The bookstore in the basement of the monastery will be open on Saturday, November 16 from 1:00 p.m. until 2:30 p.m. It will close while the relics are received and installed. As soon the relics are installed, the bookstore will reopen until 4:40 p.m., when it will close for Mass. It will reopen immediately after Mass.
Fifth Chance - at the Carmelite Monastery of Philadelphia in Oak Lane on Sunday, November 17 from 10:00 a.m. to 7:30 p.m.
On Sunday, November 17, the Carmelites will have their usual Mass in the chapel at 8:00 a.m. Anyone is welcome to attend. As a special act of thanksgiving for the gift of the relics, public veneration of the reliquary will begin at 10:00 a.m. and last, with the interruptions mentioned below, till 8:00 p.m. After 2:30 p.m., no one else may join the line to pray before the reliquary so that those already in line may pray there before Benediction of the Blessed Sacrament takes place at 3:00 p.m. Then Father Frederick L. Miller, Professor of Systematic Theology at Mount St. Mary's Seminary and author of The Trial of Faith of St. Therese of Lisieux, will give a conference. After that individuals may pray before the reliquary again until 8:00 p.m. No one may join the line after 8:00 p.m., but the chapel will remain open until all those who were in line at 8:00 p.m. have prayed near the reliquary.
The bookstore will be open from 10:00 a.m. until 2:30 p.m. and from 3:30 p.m. until 6:00 p.m.
After that, the relics will be available for veneration in the Carmelite chapel on the first Sunday of every month from 10:00 a.m. to 4:00 p.m. starting on Sunday, December 1.
Why venerate relics? An answer from "Understanding Therese's Relics" courtesy of www.americancatholic.org
The saints' relics are poor and fragile signs of what went to make up their bodies. When we are close to their relics, we can more easily evoke their human condition: that with their own bodies they acted, thought, worked, and suffered.
At times God wishes to use such tenuous and seemingly foolish signs to manifest his presence and make his power and glory shine forth. It is God in fact who works through these signs.
To return to Thérèse's case, it is a fact that when people stand in the presence of her mortal remains or have some contact with her poor relics, as with petals from an unpetalled rose, God, who received through her humanity so many signs of love, is pleased in turn to manifest his love through her bodily remains.

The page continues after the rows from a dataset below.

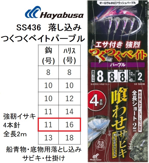 ハヤブサ/Hayabusa 落し込みスペシャル 喰わせサビキ つくつくベイトパープル SS436 強靭イサキ4本鈎 11-16号 青物・底物用船落とし込み仕掛け・サビキ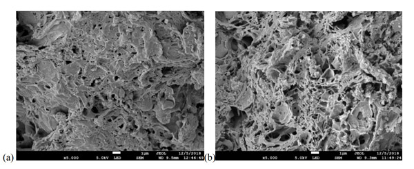 根據(jù)觀察到的活性炭微觀結(jié)構(gòu)來進(jìn)行形態(tài)研究。圖1顯示了在650°C(a)和850°C(b)兩種不同溫度下用25%H3PO4制成的活性炭的比較?梢钥闯,與650℃相比,在850℃下制備的活性炭具有稍大的孔。可以得知孔體積隨著活化溫度的升高而逐漸增加。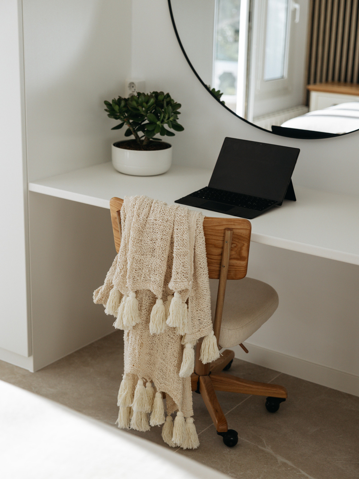 Just outside the kitchen window, a charming lemon tree adds an authentic Mediterranean touch, blending beautifully with the home’s clean Nordic design. From this level, you have direct access to a private terrace, ideal for alfresco dining, relaxing, and enjoying spectacular sunsets over the golf valley.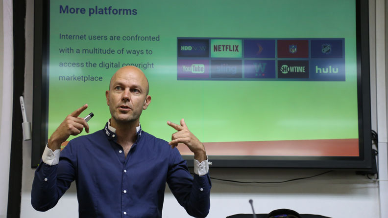 У фокусу скупа било је излагање др Седрика Манаре, директора Гугла за ауторско право, са којим је разговарао проф. др Душан В. Поповић, редовни професор Правног факултета. Др Седрик Манара је излагање започео освртом на историјску позадину питања заштите ауторског права и објаснио да је данас регулација ове области изузетно захтевна, услед чињенице да корисници са сваког дела планете путем великог броја платформи приступају истом садржају, док је ауторско право предмет локалних закона. Кључни изазов са којим се регулатива интелектуалне својине суочава на интернету је вишеструкост – мноштво платформи на којима је доступна невероватна количина садржаја који практично свако са паметним телефоном може да постави. Зато је важно знати да се у дигитализованом свету ауторско право тиче баш свакога ко неки садржај пласира на интернету. Данас појединац са паметним телефоном није само онај који конзумира, већ је и онај који ствара садржај. До 99% креативног садржаја доступног на интернету не постављају професионалци, већ аматери. Док они производе океан садржаја, професионални фотографи, писци, видеографи... доприносе капима том океану. Тектонске промене на тржишту узроковала је универзална доступност садржаја, пре свега бесплатни садржаји под Creative Commons лиценцом. Последично, бројне индустрије (међу којима се истиче музичка индустрија) бележе пад прихода. Др Седрик Манара примећује да је све више аутора, и да је „пита“ заправо већа, само што сада више њих узима своје парче.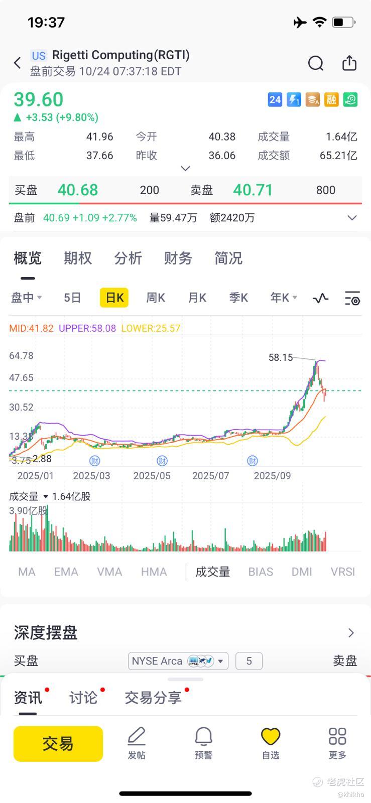 量子计算赛道仍有政策和资金催化,商业化进展是关键,若突破近期高点(RGTI $58,QBTS $46),将打开新一轮上涨空间。若政策预期落空或市场情绪转弱,可能大幅度回落。我看很多分析师们的预测都够大胆的,我自己胆子小,这一波就不跟了,看看戏先。[鬼脸][鬼脸]
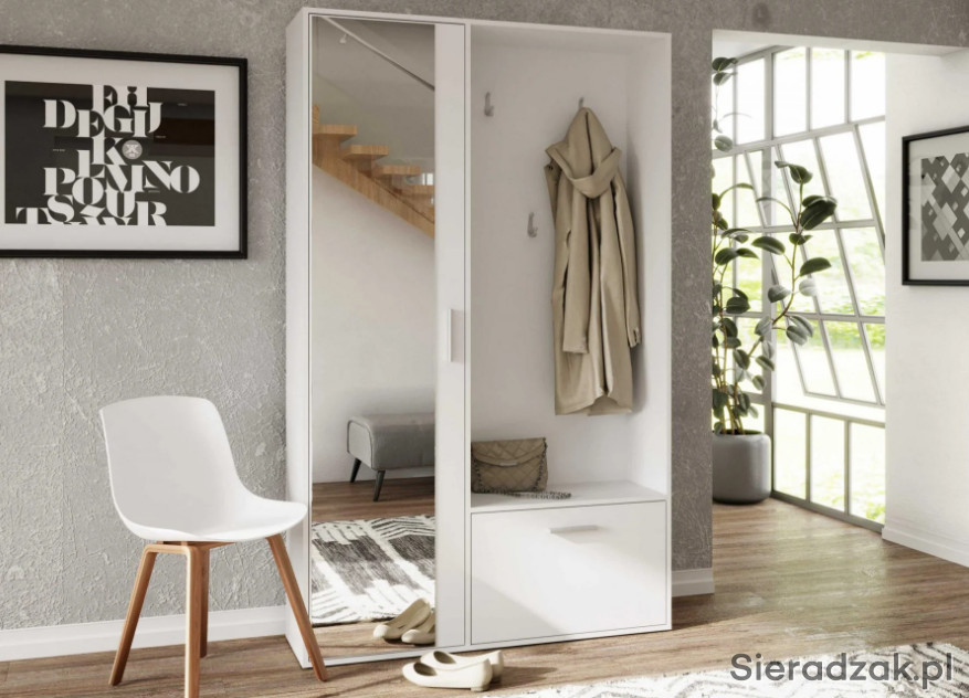 Garderoba z lustrem, oraz zabudowaniem BIS. Posiada na zewnętrznej stronie trzy wieszaki, idealne na kurtki, płaszcze czy bluzy i torebki. Poniżej znajduje się szafka na buty z przegrodą, co ułatwia organizacje. Szafa po lewej stronie posiada w sobie dwie półki. Jedną do góry a drugą na dole, pozwala to na umieszczenie na nich rzeczy, które wymagają położenia na płaskiej powierzchni. Nowoczesną opcją jest wysuwany wieszak, uwydatniający unikalność i funkcjonalność szafy. Dostępna w sześciu wybarwieniach.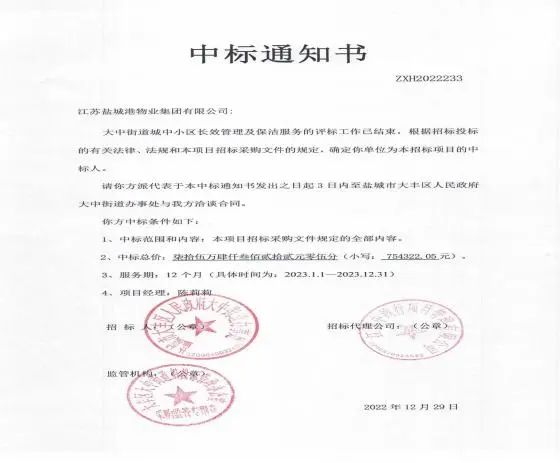 拓市場,保增長,項目業績創一流。實業集團在提升物業服務質量、房屋租賃水平,擴大鹽城港集團“內循環”的同時,逐步向外部市場拓展。1月,黃海港城公司與中天大豐電纜有限公司成功簽訂員工宿舍租賃存量住宅業務合同,合同金額近30萬元。物業公司成功中標大中街道城中小區長效管理及保潔服務,中標價約75萬元。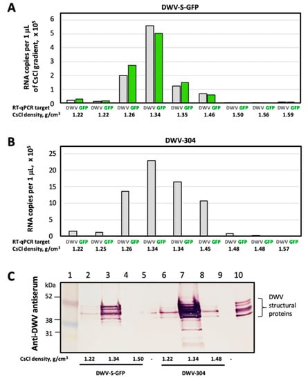 We found that in the case of DWV-S-GFP, the 1.34 g/cm3 buoyant density fraction showed the highest levels of both GFP and DWV targets (Figure 4A). In the case of DWV-304, the highest level of DWV RNA genome was also in the same 1.34 g/cm3 CsCl gradient fraction (Figure 4B), which was within the range of the predicted buoyant density for viruses of the family Iflaviridae in CsCl (1.29–1.38 g/cm3) [21]. In addition, Western blot analysis with the antisera against DWV virus particles confirmed the highest load of the DWV capsid proteins in the fractions with the highest levels of DWV for both DWV-304 and DWV-S-GFP (Figure 4C). These results showed that the DWV RNA genome with a 750 nt insertion (717 nt egfp gene and the sequences coding for duplicated flanking peptides) was encapsidated into particles with a stability and buoyant density similar to those of unmodified DWV.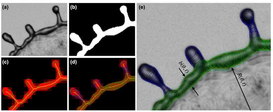 Image processing to obtain local thickness of the rim and the ligament. (a) Original image, (b) binarized image, (c) center line, (d) circles having the centers along the centerline and radii to fit to the boundary, (e) resultant circles fitted to the rim (green) and the fingers (blue).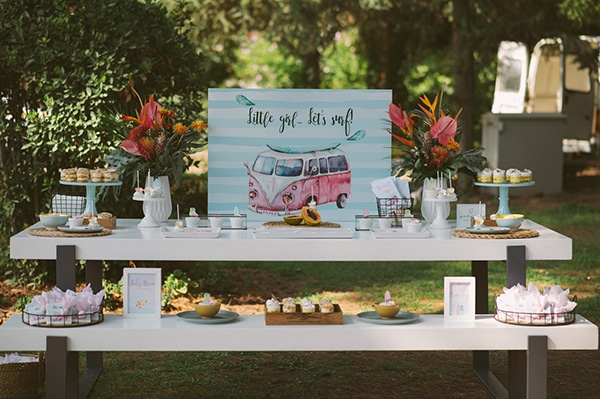 Καλοκαιρινή βάπτιση κοριτσιού στη Θεσσαλονίκη με κόκκινες κάλλες και θέμα το surf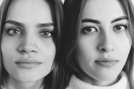Close up portrait of beautiful brunette women on studio background, black and white. Home comfort, emotions, facial expression, winter mood concept. Friendship. Well-kept skin, natural make up.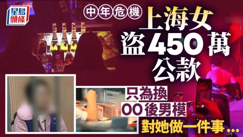 上海一名主管某公司財務的43歲女子經歷母親過世,與家婆相處不順,丈夫又因為工作長年不在家。她的丈夫向其提出離婚後,更讓她徹底崩潰。為了找尋情感寄託,她在酒吧尋找年輕男模,只為聽他們的安慰,以及一聲「老婆」等的甜言蜜語。她在盜用450萬元(人民幣,下同)公款,並在3個月內花光。事件被揭發後,她因涉嫌盜竊罪被警方刑事拘留。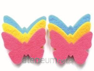 Opakowanie zawiera 6 motylków z filcu w kolorach: żółtym, niebieskim i różowym.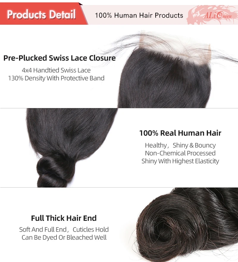 Наименование товара: бразильские Свободные Пряди человеческих волос с закрытием Бренд: Ali Queen Hair Products Co., Ltd Цвет волос: натуральный черный цвет, может быть окрашен и отбелен. Текстура застежки: швейцарское кружево Размер застежки: 4x4 с плотностью 130% Длина волос: 10 "~ 26" Материал волос: 100% человеческие волосы высокого качества Время доставки: около 2-5 дней по DHL/FEDEX Характеристика: здоровая, полная и упругая текстура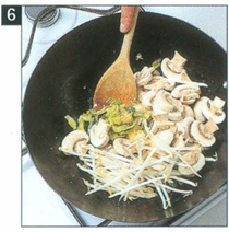 6. Tilsæt svampe og bønnespirer og svits under omrøring i yderligere 2 min.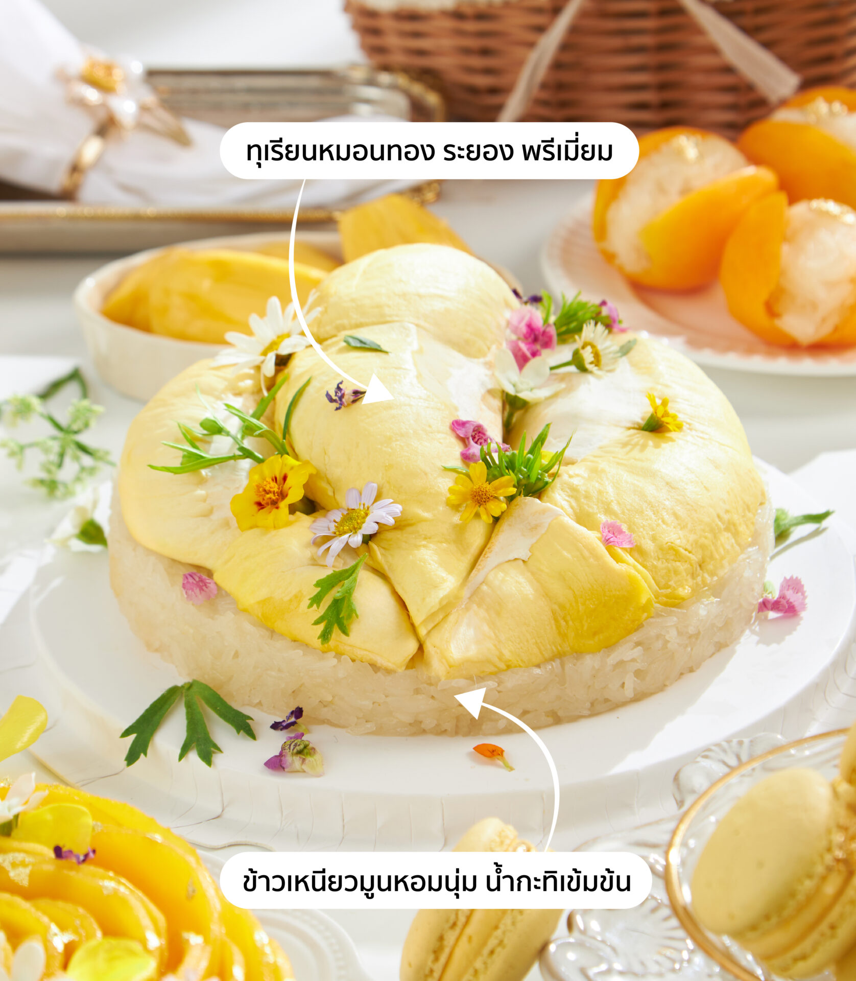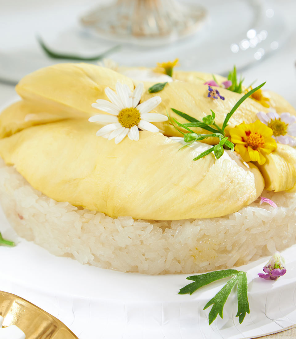 Savor the creamy richness of Premium Rayong Mon Thong Durian paired with smooth, aromatic Moon Sticky Rice for the ultimate gourmet experience.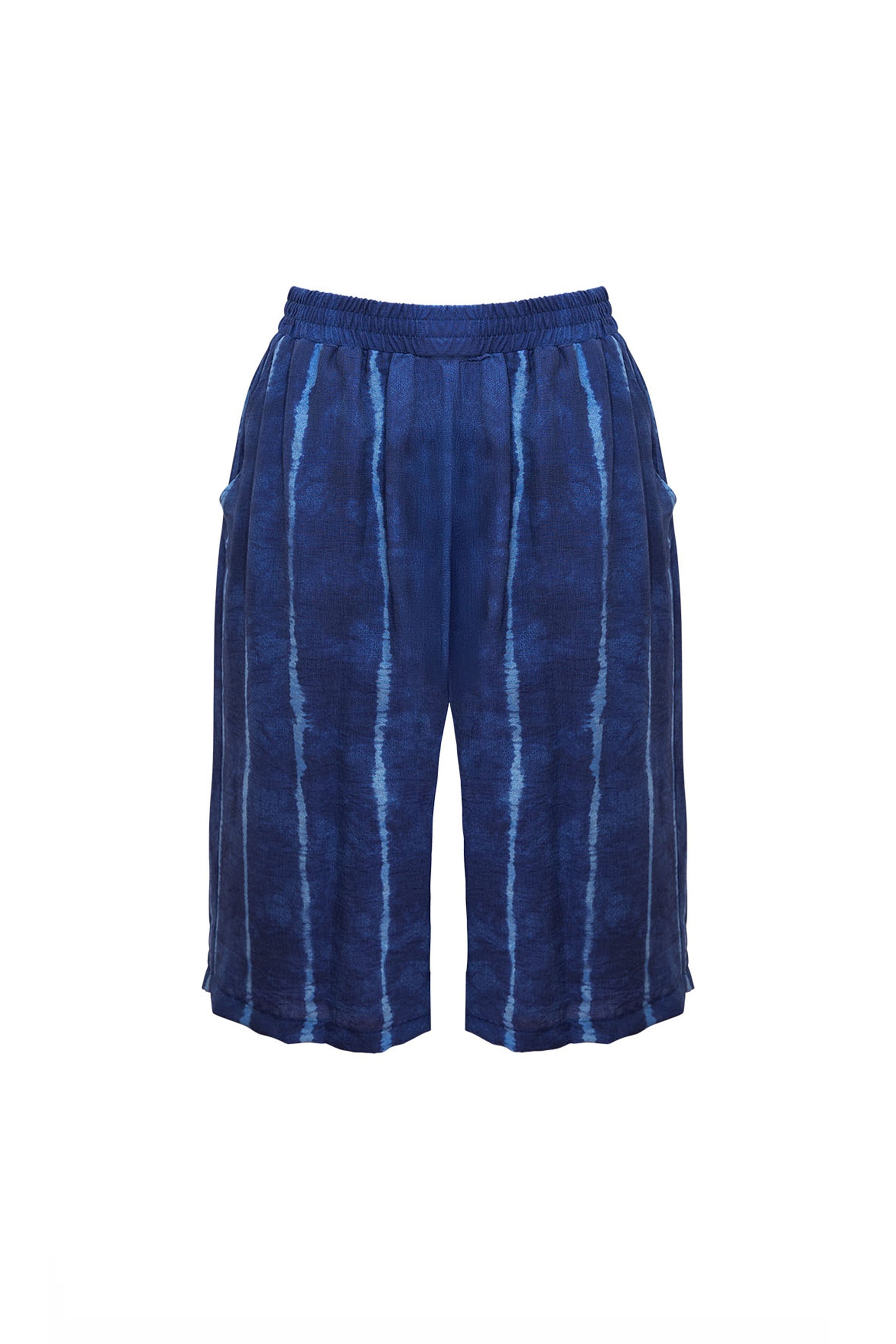 A relaxed summer essential with an easy drape and soft texture. The Sandy Short is crafted from breathable viscose and features an elasticated waistband, pockets, and a wide-leg silhouette for all-day comfort. The deep indigo tie-dye effect adds a subtle statement—perfect paired with a plain tee or matching print.

To "venerate" the relics is not to worship them, but to pray to God, as we do at the grave of a loved one, in the presence of what remains of the humanity of our sisters and brothers, who loved God so much in that humanity. Come to pray for yourself, for your spouse, parents, children, family. Pray for the poor, the sick, the dying, and for your beloved dead. For those who mourn, as the Martin family did; for those whose children died young; for those who suffer from breast cancer like Zelie and from Alzheimer's like Louis. Pray, like Therese, for and with those who have no faith. And pray for the grace to imitate the faith and abandonment that brought Louis and Zelie and Therese to such complete union with God.